Via Polish notation, (P∨Q) can get rewritten as Apq,  [¬P∧(P∨Q)] can get rewritten as KNpApq, and {[¬P∧(P∨Q)]→Q} can get rewritten as CKNpApqq.  We can then use the following axioms to prove CKNpApqq as a theorem.  By a relevant soundness meta-theorem, we'll have CKNpApqq as a tautology also.
A1 CpCqp - recursive variable prefixing - RVP
A2 CCpCqrCCpqCpr - self-distribution - SD
A3 CCNpKqNqp - negation out - No
A4 CKpqp - conjunction out left - Kol
A5 CKpqq - conjunction out right - Kor
A6 CpCqKpq - conjunction in - Ki
A7 CCpqCCrqCAprq - disjunction out - Ao
Via the relevant deduction meta-theorem which SD and RVP enable, we have conditional introduction as a derivable rule of inference, which I'll denote as Ci.  The only other rule of inference I'll use is C-detachment or C-d 
{C$\alpha$$\beta$, $\alpha$} $\vdash$ $\beta$.   

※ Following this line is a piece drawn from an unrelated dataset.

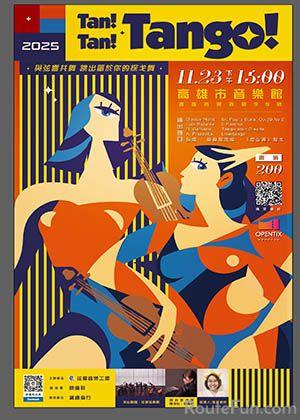 「Tan!Tan!TANGO!」是一場都是探戈風格樂曲的音樂會,音樂會將透過說書人-星星老師,用她充滿情緒價值的嗓音,引領大家認識探戈如何從酒館走進音樂殿堂。演出曲目包含李察・蓋利安諾《TANGO POUR CLAUDE》、皮耶佐拉《自由探戈》、《遺忘》、卡洛斯《女人香探戈》,並特別邀請作曲家吳睿然改編台灣民謠《高山青》為弦樂四重奏版本,展現跨文化的音樂火花。本場演出由弦響弦樂團擔綱,並邀請手風琴演奏家─陳沛彣共同演出經典電影配樂《Il Postino》,以弦樂與手風琴交織的音色,重現探戈的深情與張力。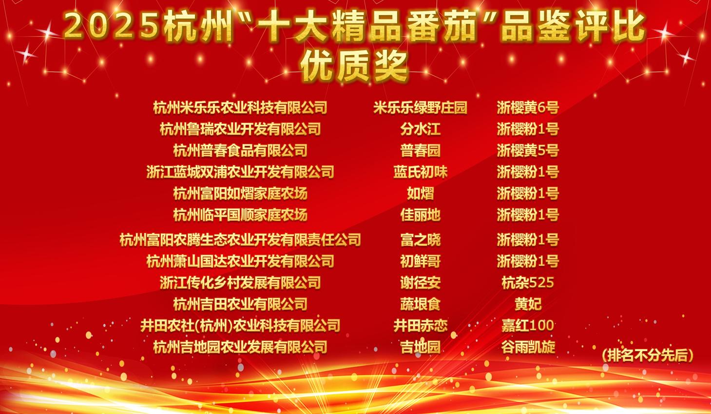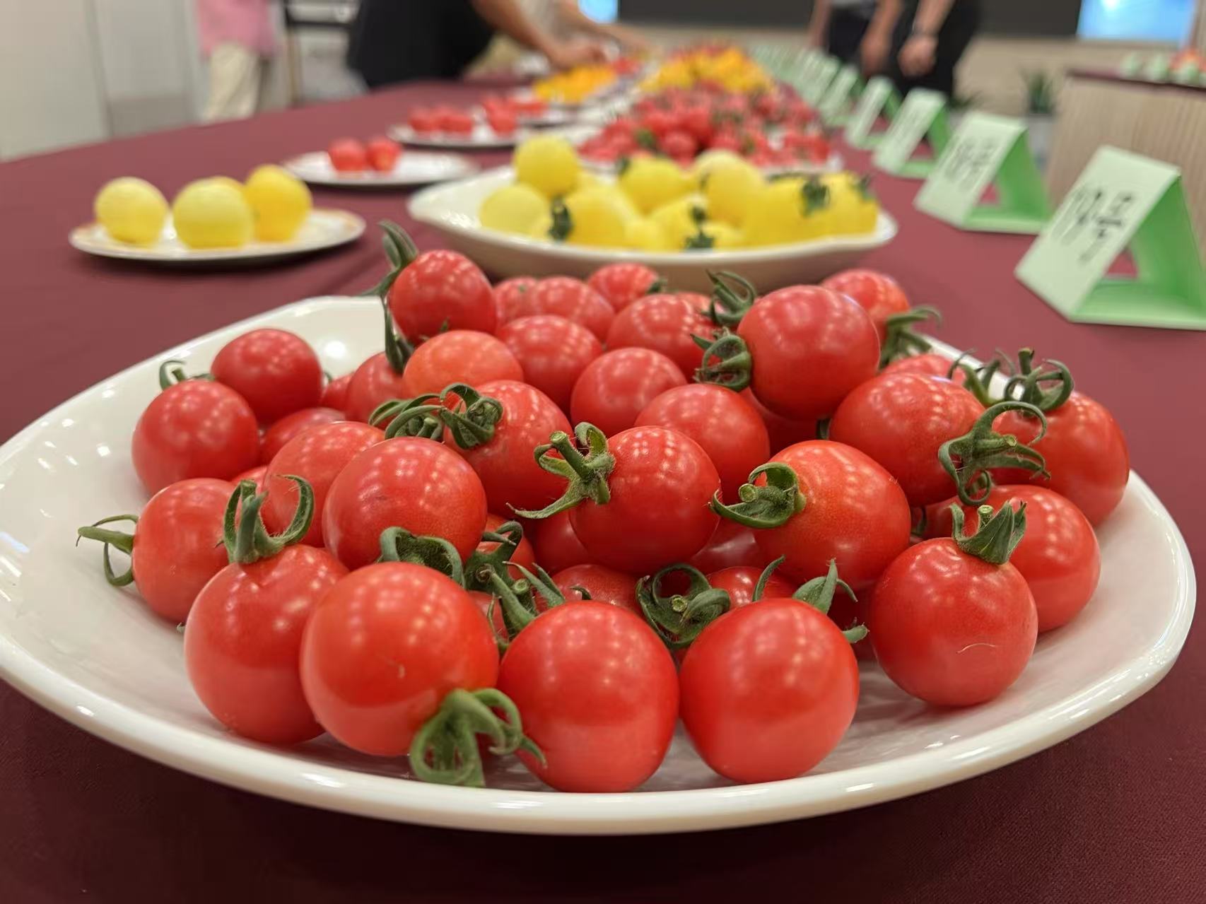 在2025杭州“十大精品番茄”品鉴评比活动现场,26家生产主体的28个樱桃番茄样品和10个大中果型番茄样品精彩亮相。

  1 hypothesis  |    KNpApq
  2 Kol         |    CKNpApqNp
  3 C-d 2, 1    |    Np
  4 Kor         |    CKNpApqApq
  5 C-d 4, 1    |    Apq
  6 hypothesis  ||   p
  7 hypothesis  |||  Nq
  8 Ki          |||  CpCNpKpNp
  9 C-d 8, 6    |||  CNpKpNp
 10 C-d 9, 3    |||  KpNp
 11 Ci 7-10     ||   CNqKpNp
 12 No          ||   CCNqKpNpq
 13 C-d 12, 11  ||   q
 14 Ci 6-13     |    Cpq
 15 hypothesis  ||   q
 16 Ci 15-15    |    Cqq
 17 Ao          |    CCpqCCqqCApqq
 18 C-d 17, 14  |    CCqqCApqq
 19 C-d 18, 16  |    CApqq
 20 C-d 19, 5   |    q
 21 Ci 1-20          CKNpApqq.

A: [~p^(pvq)]->q
[pv(~p^~q)]vq
[(pv~p)^(pv~q)]vq
[T^(pv~q)]vq
(pv~q)vq
pvT
T
======================
Therefore its a tautology^^